Home Opinie & AchtergrondColumns Man in the mirror: Het romantische leed

Man in the mirror: Het romantische leed

door Redactie

Columnist Niek van Ansem denkt veel na over het dagelijks leven. Maar of al dat reflecteren ook tot oplossingen leidt? Zijn gedachtes vragen op hun beurt namelijk ook weer om een flink staaltje doe-het-zelf psychoanalyse. Om zijn overvolle hoofd wat te luchten, deelt hij hier wat van zijn hersenspinsels.  ​

Mijn geest blijkt vaak het lenigst in de late uurtjes, in bed, met een muziekje om de oren te warmen. Voor deze column bleek Nick Cave de voorbestemde soundtrack te zijn. Iedereen die deze man een beetje volgt, weet dat zijn muziek de laatste tijd niet de vrolijkste is – en daar is alle reden toe. Een paar jaar geleden verloor Cave zijn zoon en sindsdien is zijn muziek doordrenkt van rouw. 

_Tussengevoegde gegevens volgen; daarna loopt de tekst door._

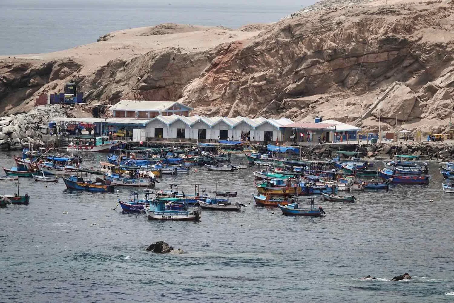 The harbor full of squid-fishing boats. The white buildings at the port were used for cold-storage and processing of the squid brought ashore. La Planchada, Pan-American Highway, Arequipa Department, Peru. Copyright © 2019-2026 Pedals and Puffins.

Zijn muziek is bovendien nog nooit zo mooi geweest. Hoewel ik daar als fan natuurlijk blij mee ben, geeft die blijdschap me ook een ongemakkelijk gevoel. Ik geniet immers van muziek die er nooit was geweest als deze ellende hem niet was overkomen. Juist mijn kennis van deze tragische achtergrond maakt de muziek voor mij nog waardevoller. Toen ik hier langer over nadacht, werd het me steeds duidelijker dat ik niet alleen Caves muziek, maar ook zijn lijdensverhaal mooi was gaan vinden: ik romantiseerde zijn pijn.

Die romantisering van de pijn van anderen spitst zich niet alleen toe op rouwende vaders. Mijn iPod puilt uit van doodongelukkige mensen die dat verdriet niet bepaald onder stoelen of banken steken. Luisteren naar al deze narigheid, maakt mij niet ongelukkig. Integendeel zelfs: het geeft me een inkijkje in een wereld die ik me niet zo goed kan voorstellen, maar waar ik eigenlijk wel heel nieuwsgierig naar ben.

Al vanaf mijn tienerjaren was de lijdende artiest als een soort rolmodel voor mij. Waar sommige jongens wellicht op een topvoetballer wilden lijken, had ik een verknipt verlangen om depressief te worden. Al mijn favoriete artiesten waren tenslotte depressief en deden daar prachtige dingen mee. Ik zag in dat lijden iets nobels, iets verheffends, iets mysterieus. En blijkbaar vind ik het zelfs nu nog gemakkelijk om te geloven dat lijden romantisch is als ik Nick Cave er in zulke prachtige bewoordingen over hoor zingen.

Toch ben ik niet meer zo naïef als mijn jongere ik. Ik kan nog steeds wegdromen op sombere muziek, maar ik schud mezelf daarbij nu regelmatig wakker. De pijn die ik hoor als ik naar mijn helden luister, is namelijk gepolijste pijn: ik krijg als luisteraar alleen het mooie leed te horen. De momenten dat hun verdriet op zijn lelijkst is, blijven voor mij verborgen. Hoe geslaagd de vertaalslag van de artiest ook is, helemaal begrijpen kan ik het daarom niet. En ondanks mijn jeugdige wens om net als mijn idolen depressief te zijn, ben ik er vooralsnog blij mee dát ik het niet begrijp.

In mijn veilige cocon van zwaarmoedige muziek ben ik nog nooit echt met rauwe pijn geconfronteerd. In mijn nieuwsgierigheid naar het leed van anderen, vind ik dat leed nu ook beangstigend. Iemand waarvan ik hou verliezen of zelf in de put raken: het is pijn die ik niet uit kan sluiten. Deels zal het zelfs onvermijdelijk blijken. Het kan mij ook een keer gebeuren, en het is een illusie dat ik de pijn zal verwelkomen als het eenmaal zover is.